By Vamien McKalin | Apr 18, 2013 09:34 AM EDT
So much is being said about Microsoft making "always online" a necessity for the Xbox 720. While I don't believe the company would go that route right now, if it did, it wouldn't be a problem; well, not to me.
Here's the thing: most gamers have their consoles online on a regular basis. Whenever I turn on my Xbox 360, the first thing it does is hook up with my Wi-Fi and it never goes offline unless it is turned off. It is quite possible many gamers do the same thing with their own consoles. Children nowadays, who are the next generations of gamers, are always online, and they will matter more in the long run compared to the guys who are making a big deal out of something so small.

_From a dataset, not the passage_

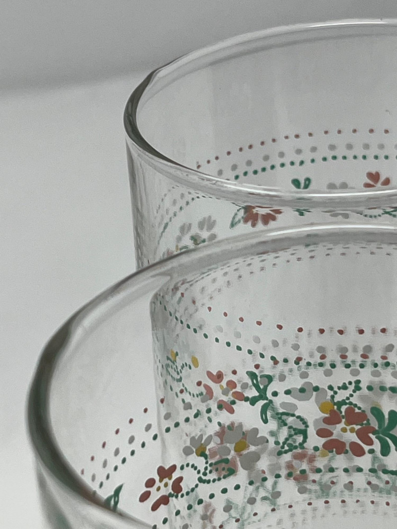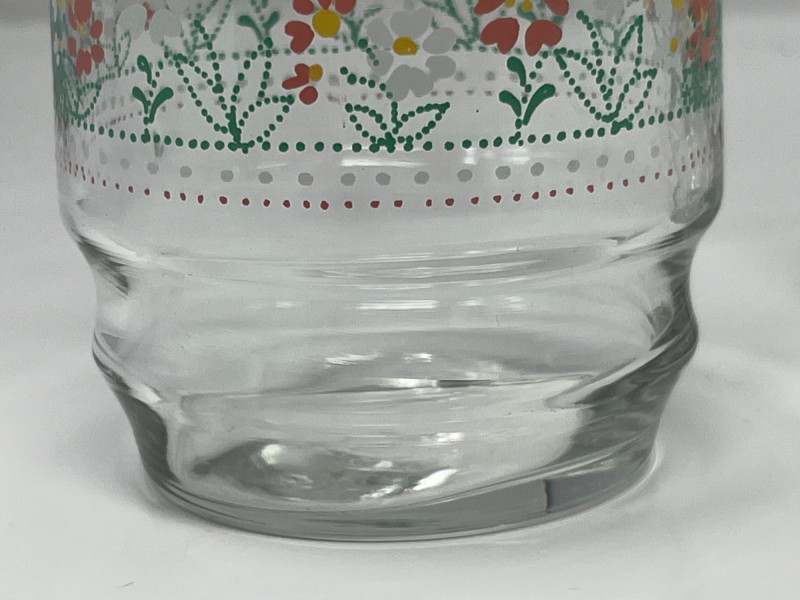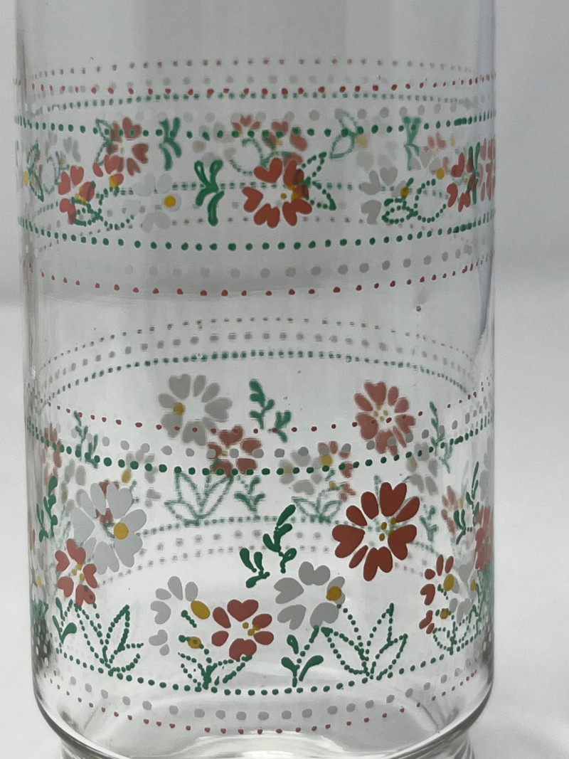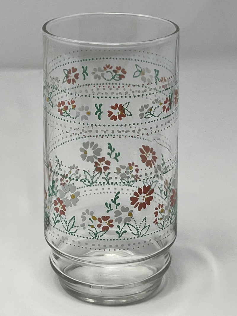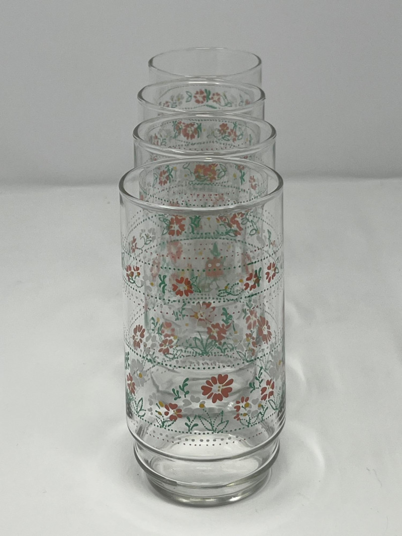 Set of four vintage clear glass tumblers featuring a vibrant floral motif in red, white, and yellow with green leaf accents. Each glass is decorated with a repeating band of stylized blossoms and dotted detailing, typical of mid-century American glassware. The cheerful design and sturdy form make these ideal for daily use or display in a retro kitchen or barware collection. Details: Quantity: 4 glasses Material: Clear glass Design: Floral print with red, white, yellow flowers and green leaves; dotted band encircling each glass Maker: Unmarked, but consistent with Anchor Hocking or Libbey production Era: Circa 1950s–1960s Style: Mid-century casual drinkware Condition: Pre-owned; light surface wear consistent with age and use No chips or cracks noted Notes:

You might say that if Microsoft makes "always online" mandatory, the company would fail in its plans to make the Xbox 720 the centerpiece of the living room. Well, not quite. As long as the Xbox 720 has great content, people will buy it, it's that simple. Gamers like to say they don't care, that they will never do this and that, but as great content comes around, they change their tune.
For example, have a look at the Xbox 360: this device was a nightmare in the early stages with all the Red Ring of Death problems; however, the console still turned out to be a success. Gamers bought into the Xbox 360 despite knowing of its shortcomings because it had great content. Gamers will do the same again if Microsoft does the unthinkable.
Furthermore, having an "always online" connection could mean good things for Microsoft. You see, it's the best way to fight piracy, take Diablo 3 for example, that's a triple A game that went on to sell over 12 million copies on PC because not a single person managed to rip it apart. Be certain in the belief that all developers want their games to do well, and the best way to ensure success apart from great content, is blocking piracy.
Because of how sensitive the situation is, only a few developers would be brave enough to make their games require an Internet connection. Having an "always online" Xbox 720 would make things easier; plus, Microsoft could earn a lot of exclusive content for aiding the well-being of game developers.
Are you seeing it now? Microsoft could very well pull this off, and we all would have no problem dealing with it, as long as great content is always available. Sure, good ol' Microsoft may not pull such a stunt this time around, but whenever it happens, I'll be embracing "always online" with a massive hug ... and so would you.